The Injection class for the Chemstation data format

Parameters:
  • injection_dirpath (str) – The path of the directory of this injection
  • reports (defaultdict) –

    Signal -> list_of_report_lines dict. Each report line is dict of column headers to type converted column content. E.g:

    {u'Area': 22.81, u'Area %': 0.24, u'Height': 12.66,
     u'Peak Number': 1, u'Peak Type': u'BB', u'Peak Widthmin':
     0.027, u'Retention Timemin': 5.81}
    

    The columns headers are also stored in :attr`~metadata` under the columns key.

  • reports_raw (defaultdict) – Same as reports except the content is not type converted.
  • metadata (dict) – Dict of metadata
  • raw_files (dict) – Mapping of ch_file_name -> CHFile objects
  • report_txt (str or None) – The content of the Report.TXT file from the injection folder is any
__init__(injection_dirpath, load_raw_spectra=True, read_report_txt=True)[source]

Instantiate Injection object

Parameters:
  • injection_dirpath (str) – The path of the injection directory
  • load_raw_spectra (bool) – Whether to load raw spectra or not
  • read_report_txt (bool) – Whether to read and save the Report.TXT file
PyExpLabSys.file_parsers.chemstation.parse_utf16_string(file_, encoding=u'UTF16')[source]

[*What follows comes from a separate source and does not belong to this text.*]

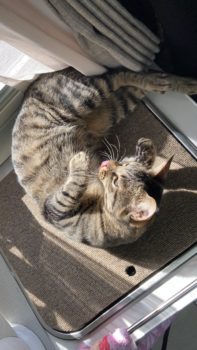 窓辺の日向で気持ちよさそうに身づくろいしたり、転がってくつろいだり…。

Parse a pascal type UTF16 encoded string from a binary file object

class PyExpLabSys.file_parsers.chemstation.CHFile(filepath)[source]

Bases: object

Class that implementats the Agilent .ch file format version 179

Warning

Not all aspects of the file header is understood, so there may and probably is information that is not parsed. See the method _parse_header_status() for an overview of which parts of the header is understood.

Note

Although the fundamental storage of the actual data has change, lots of inspiration for the parsing of the header has been drawn from the parser in the ImportAgilent.m file in the chemplexity/chromatography project project. All credit for the parts of the header parsing that could be reused goes to the author of that project.

values

The internsity values (y-value) or the spectrum. The unit for the values is given in metadata[‘units’]

Type:numpy.array
metadata

The extracted metadata

Type:dict
filepath

The filepath this object was loaded from

Type:str
__init__(filepath)[source]

Instantiate object

Parameters:filepath (str) – The path of the data file
times

The time values (x-value) for the data set in minutes